"Chcemy te środki [700 mln zł] wykorzystać na budowie portfela farm fotowoltaicznych i wiatrowych. W 2021 roku nasze aktywa powinny się powiększyć o 300-350 MWp" - powiedział Zieliński w rozmowie z ISBnews.
Jak wskazał, zarząd spółki nie wyklucza, że jeśli będzie taka potrzeba, to jeszcze w tym roku wyemituje kolejne zielone obligacje.
Zgodnie z założeniami na 2021 rok, rynek domowej fotowoltaiki spadnie o ok. 30% w stosunku do 2020 r. Spółka chce utrzymać liczbę przyłączeń, co oznaczać będzie wzrost udziału w rynku, kosztem konkurencji.
"Docelowo, w 2021 r. powinny być wygenerowane z domowej fotowoltaiki wyższe przychody, niż w minionym roku, gdy wyniosły ok. 660 mln zł, jednak będzie zależało od tego, kiedy skończy się pandemia" - powiedział Zieliński.
Docelowo Columbus Energy "chce mieć więcej aktywów niż założone w strategiach poziomy PGE i PGNiG razem wzięte", wskazał także prezes.
Na 10 lutego br. zaplanowane jest NWZA w sprawie emisji akcji na potrzeby konwersji pożyczek, opcji menadżerskich i innych zobowiązań Columbus Energy.

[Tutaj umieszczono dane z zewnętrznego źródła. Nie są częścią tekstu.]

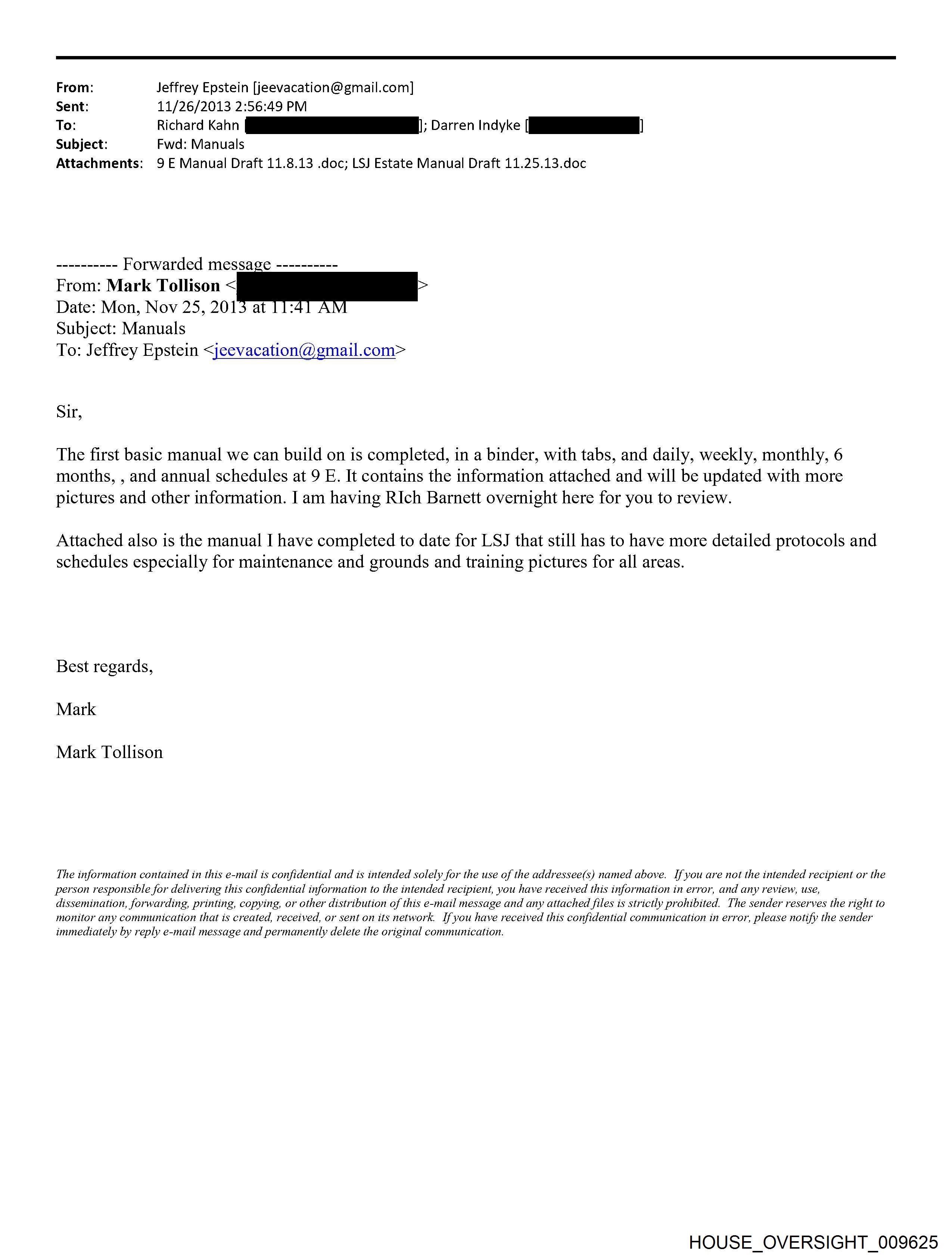From: Jeffrey Epstein [jeevacation@gmail.com] Sent: 11/26/2013 2:57:10 PM To: Richard Kahn |. Darren indyke Po Subject: Fwd: Manuals Attachments: 9E Manual Draft 11.8.13 .doc; LSJ Estate Manual Draft 11.25.13.doc ---------- Forwarded message ---------- From: Mark Tollison Date: Mon, Nov 25, 2013 at 11:41 AM Subject: Manuals To: Jeffrey Epstein <jeevacation@gmail.com> Sir, The first basic manual we can build on is completed, in a binder, with tabs, and daily, weekly, monthly, 6 months, , and annual schedules at 9 E. It contains the information attached and will be updated with more pictures and other information. I am having RIch Barnett overnight here for you to review. Attached also is the manual I have completed to date for LSJ that still has to have more detailed protocols and schedules especially for maintenance and grounds and training pictures for all areas. Best regards, Mark Mark Tollison The information contained in this e-mail is confidential and is intended solely for the use of the addressee(s) named above. If you are not the intended recipient or the person responsible for delivering this confidential information to the intended recipient, you have received this information in error, and any review, use, dissemination, forwarding, printing, copying, or other distribution of this e-mail message and any attached files is strictly prohibited. The sender reserves the right to monitor any communication that is created, received, or sent on its network. If

"Wszystkie szczegóły tej operacji zostały już przedstawione w liście do akcjonariuszy. Zostały także dopuszczone do obrotu publicznego wszystkie akcje, stąd spodziewam się, iż zostanie pokonana ostatnia, formalna już przeszkoda związana z przeniesieniem notowań z rynku New Connect na główny parkiet GPW" - dodał Zieliński.
Columbus Energy podaje, że jest liderem rynku mikroinstalacji fotowoltaicznych w Polsce. Spółka jest notowana na rynku New Connect.